Saturday, November 09, 2002

Okay -- now this is something I'm having a hard time buying. Does David Thomson really know what the hell he's talking about? I have my doubts. I don't have the exact quote, but Sidney Lumet said in his book Making Movies that editing was a basically invisible art, that the only people who know if a film was edited well or not are the director and the editor, and that when a critic says a film is edited badly -- and it applies just as much when he says it is edited well -- the correct response is "How the hell does he know? It might have been brilliantly edited depending on what the editor has to work with."

If you look at a film like Citizen Kane, for example, you may well be looking at a film where all the cuts were planned in advance. A lot of movies are like that, given the way they are storyboarded. Cuts can be very much planned -- listen to Peter Bogdanovich's explanation of "cutting in the camera" on the Director's Cut of The Last Picture Show.. Or witness the great Bunuel, who used to brag about the fact that he edited in a day and a half.

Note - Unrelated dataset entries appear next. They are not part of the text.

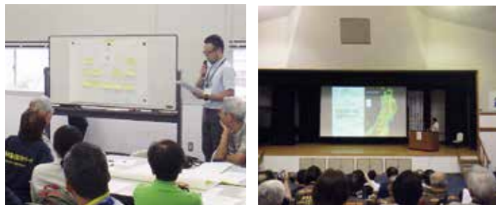
▲昨年開催された東北ジオパークフォーラムin八峰白神の様子
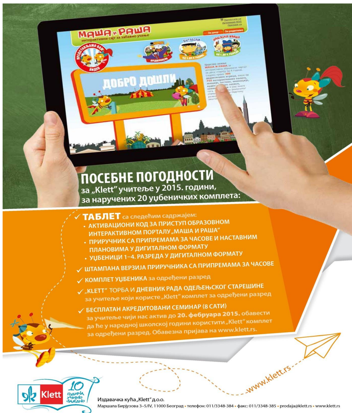
Slika 1: pogodnosti za nastavnike koji izaberu udžbenike
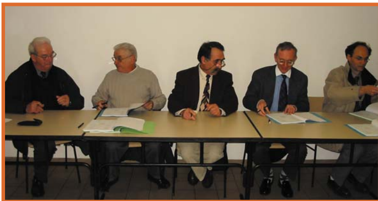
Signature du contrat par les partenaires de l'opération

Si les modifications de nos pratiques de jardiniers, les engagements de nos agriculteurs et les efforts des communes permettent d'améliorer la qualité des eaux de notre territoire par une utilisation différenciée des produits de traitements, d'autres moyens d'intervention existent. L'aménagement et l'entretien de nos cours d'eau font aussi partie des outils utilisés dans le bassin versant pour reconquérir la qualité de nos eaux. La signature du contrat de restauration et d'entretien du Jaudy et du Bizien, le 18 février dernier, en est le parfait exemple.
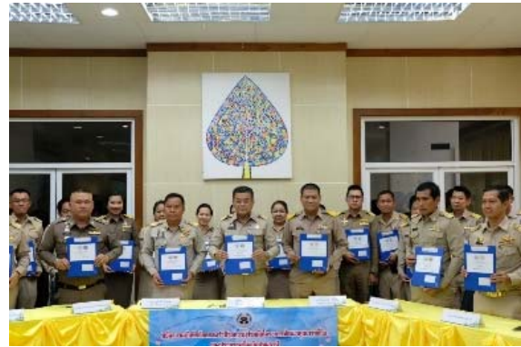
ภาพการลงนามบันทึกข้อตกลงว่าด้วยความร่วมมือ (MOU) โครงการพัฒนาคุณภาพชีวิตของประชาชนจังหวัดปทุมธานี

๖. หน่วยงานที่เข้าร่วมโครงการพัฒนาคุณภาพชีวิตของประชาชนจังหวัดปทุมธานี แจ้างแผนการพัฒนาคุณภาพชีวิตของประชาชนตามภารกิจของหน่วยงาน ให้สำนักงานพัฒนาชุมชนจังหวัดปทุมธานีทราบ
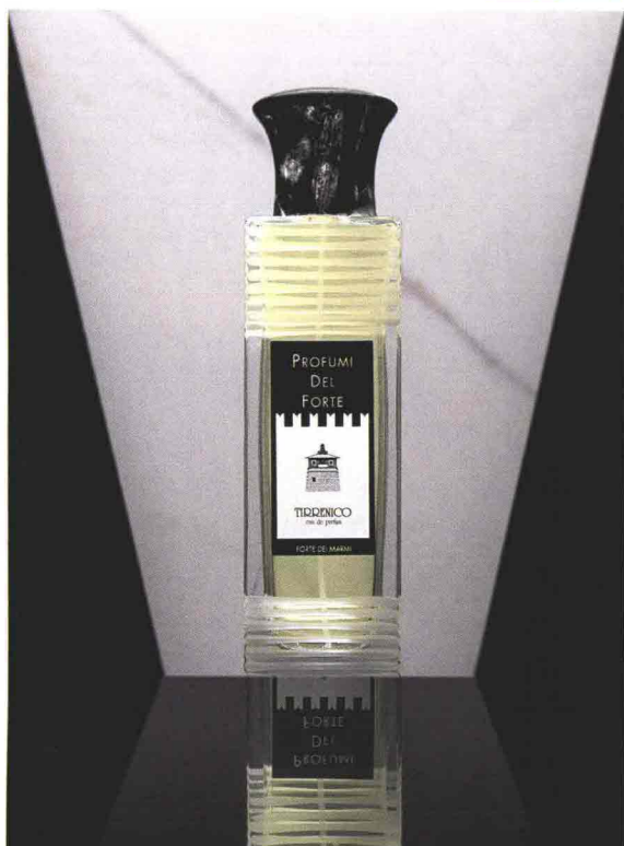
Eau de Parfum Tirrenico della collezione Profumi del Forte . In alto a destra, Eau de Parfum Savane' Oud , collezione Torre of Tuscany .

Luxury perfumes. Con Profumi del Forte e Torre of Tuscany la profumeria mostra due diverse espressioni del lusso italiano. La prima rivela un'anima elegante e raffinata, la seconda sceglie un linguaggio più contemporaneo, rappresentando l'eccellenza nella modernità.
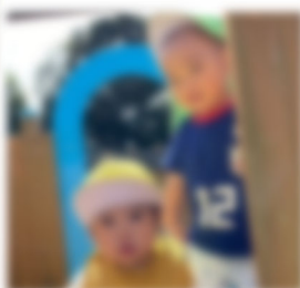
一緒にハイチーズ♪
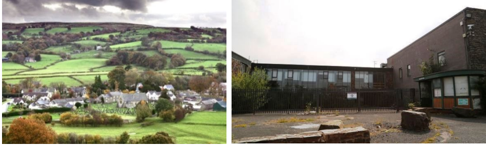
Şekil 12: Ashley Çiftinin taşındığı Carno köyü ve 2005 yılında kapanan Carno'daki fabrika (Galler) ( https://www.walesonline.co.uk/business/business-news/gallery/laura-ashley-story-in-pictures-8669717 , erişim tarihi: 22.01.2019), ( https://www.bbc.com/news/uk-wales-34290383 , erişim tarihi: 22.01.2019)
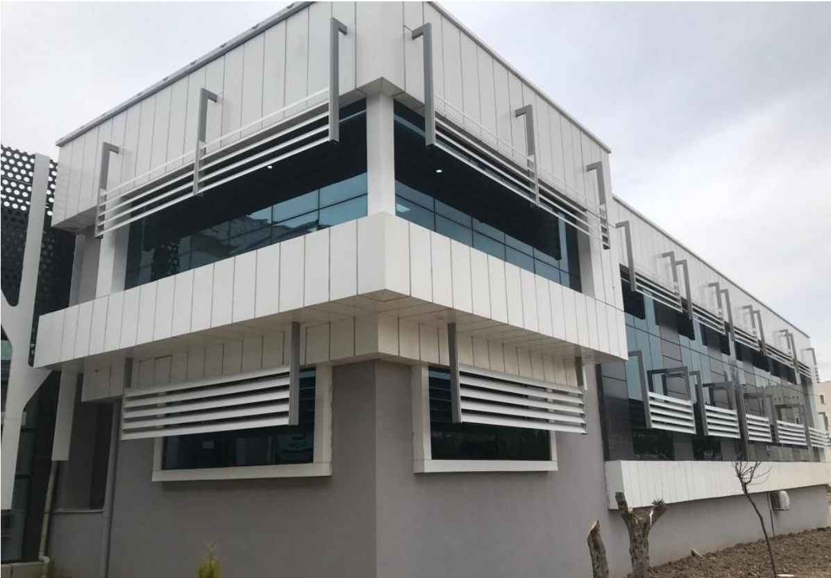
*Yabancı Diller Yüksekokulu Binası
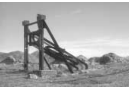
Ancienne infrastructure de treuillage dans le Briançonnais

Le Centre Permanent d'Initiatives pour l'Environnement de Haute-Durance, association au service du développement local, est intervenu à plusieurs reprises dès 1994 sur des chantiers de nettoyage des sites pollués par des matériaux datant du dernier conflit mondial. Un inventaire avait permis de cibler les sites prioritaires sur lesquels devaient être menées des actions de nettoyage.
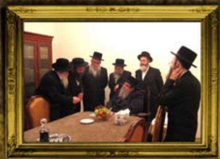
בעלז: עם ס"ק אדמור מבעלז בהדרו בבית הכנסת אורחים בבעלזא
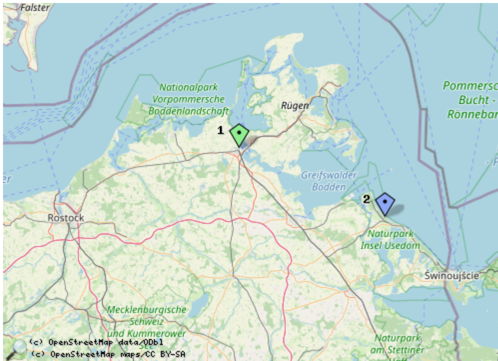
Points of Interest
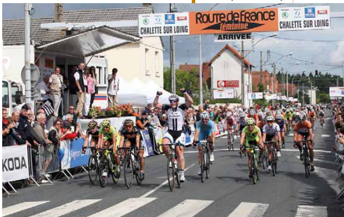
Arrivée au sprint de la 4 ème étape

Retour en images sur l'arrivée de la cette 4 ème étape sur le site Internet de la Ville ville-chalette.fr
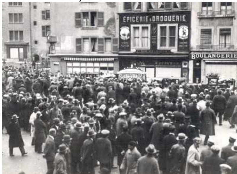
Начало митинга Национального Союза (assmp.org)

деревьями, а в 1662 году, после демонтажа городских фортификаций, она приняла уже современные, знакомые нам очертания. В 1848 году Пленпале приобрел статус Женевской коммуны.
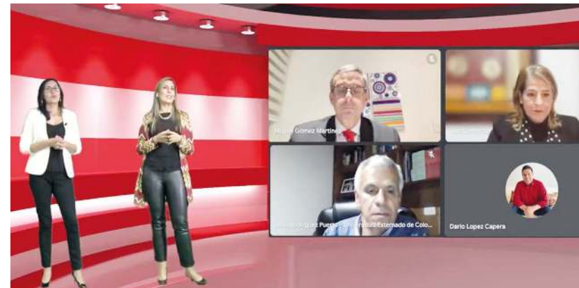
2. En la ceremonia de premiación, los jurados calificadoros destacaron la calidad informativa y la rigurosidad investigativa de los trabajos ganadores.
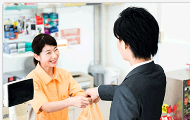
コンビニエンスストア
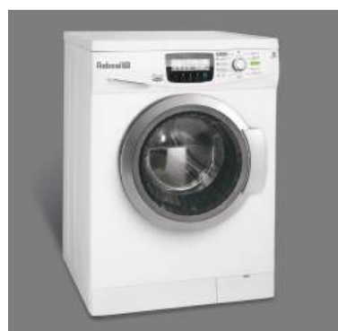
• رنگ سفید با در نقره ای WRE7312-SD
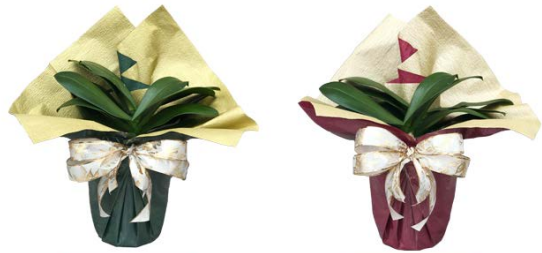
グリーン×ゴールド
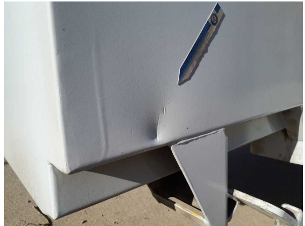
Beschädigung 2: Seitenwand links: Seitenwand - verformt - instandsetzen und lackieren
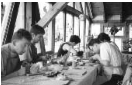
Auch die Kreativangebote während der Symposien fanden großen Zuspruch.

Die Unterschiedlichkeit der Fachrichtungen der Kollegiaten ergab eine stimulierende Arbeitsatmosphäre. Geförderte Kollegiaten waren neben Biologen, Pharmakologen und Biochemikern zum Beispiel auch
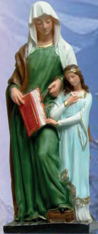
ART. 1236 - H cm 44
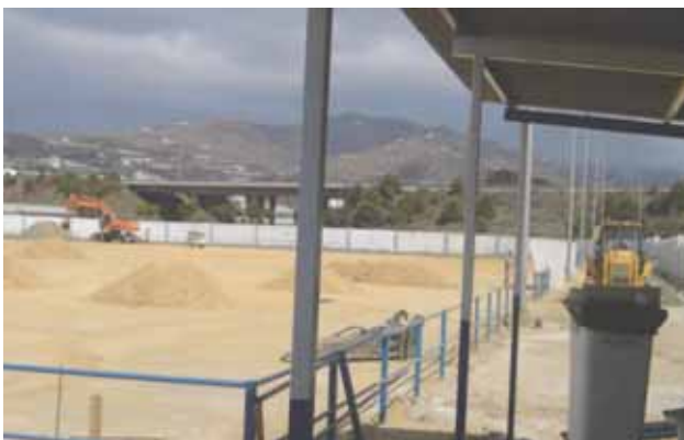
Han comenzado las obras de instalación del césped artificial.

El pasado 17 de agosto comenzaron las obras de acondicionamiento del campo de fútbol 'La Vega'.
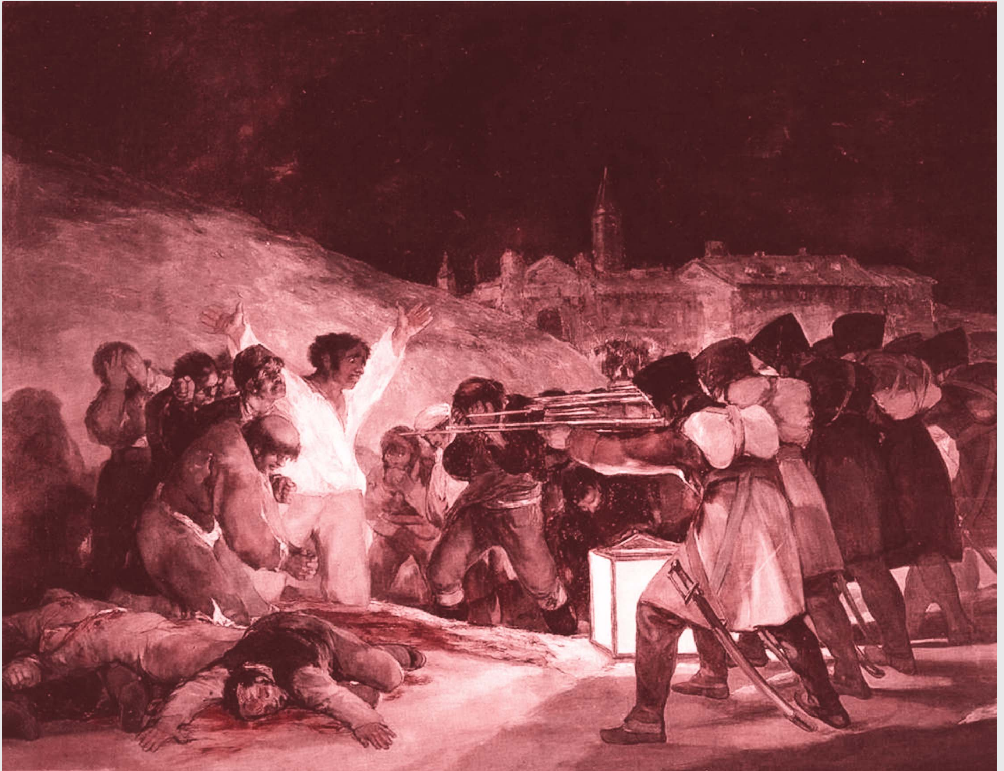
Франсиско Гоя • „3 май 1808: Разстрел в Монтана дел Принсипе Пио“ (1814)
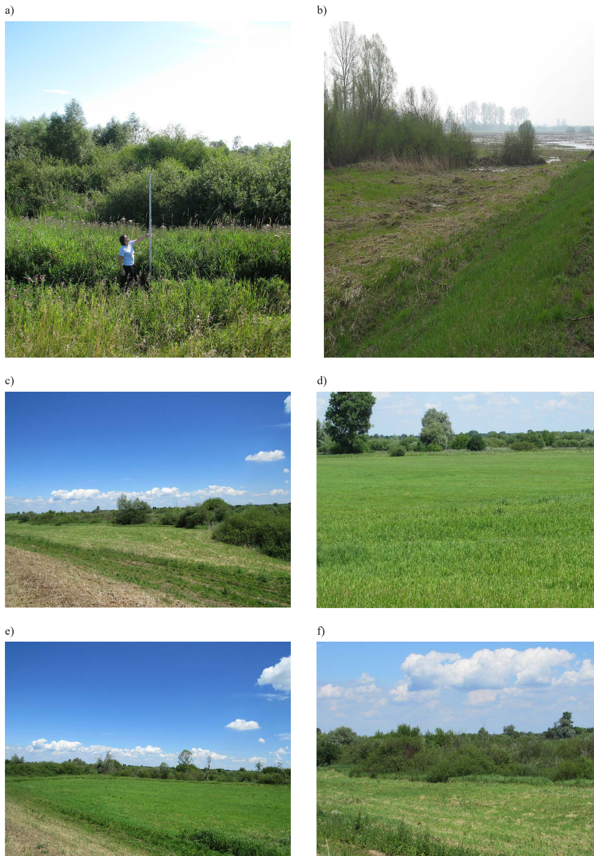
Rys. 3. Tereny zalewowe rzeki Warty, powyżej zbiornika Jeziorsko – łąka a) 2004 rok, b) 2006 rok, c) d), e), f) 2016 rok

But, on the other hand, not always. One of the best stories in Peter Biskind's gossipy Easy Riders, Raging Bulls: How the Sex-Drugs-and-Rock 'n' Roll Generation Saved Hollywood was how Stephen Spielberg turned in a lot of incomprehensible footage for Jaws that was salvaged by the scissors of Verna Fields. Critics, of course, thought Spielberg was a genius and never mentioned Fields -- who nonetheless won an Oscar.

I defy anyone to show me how you can just look at a film and tell whether the cutting is the work of editor or director.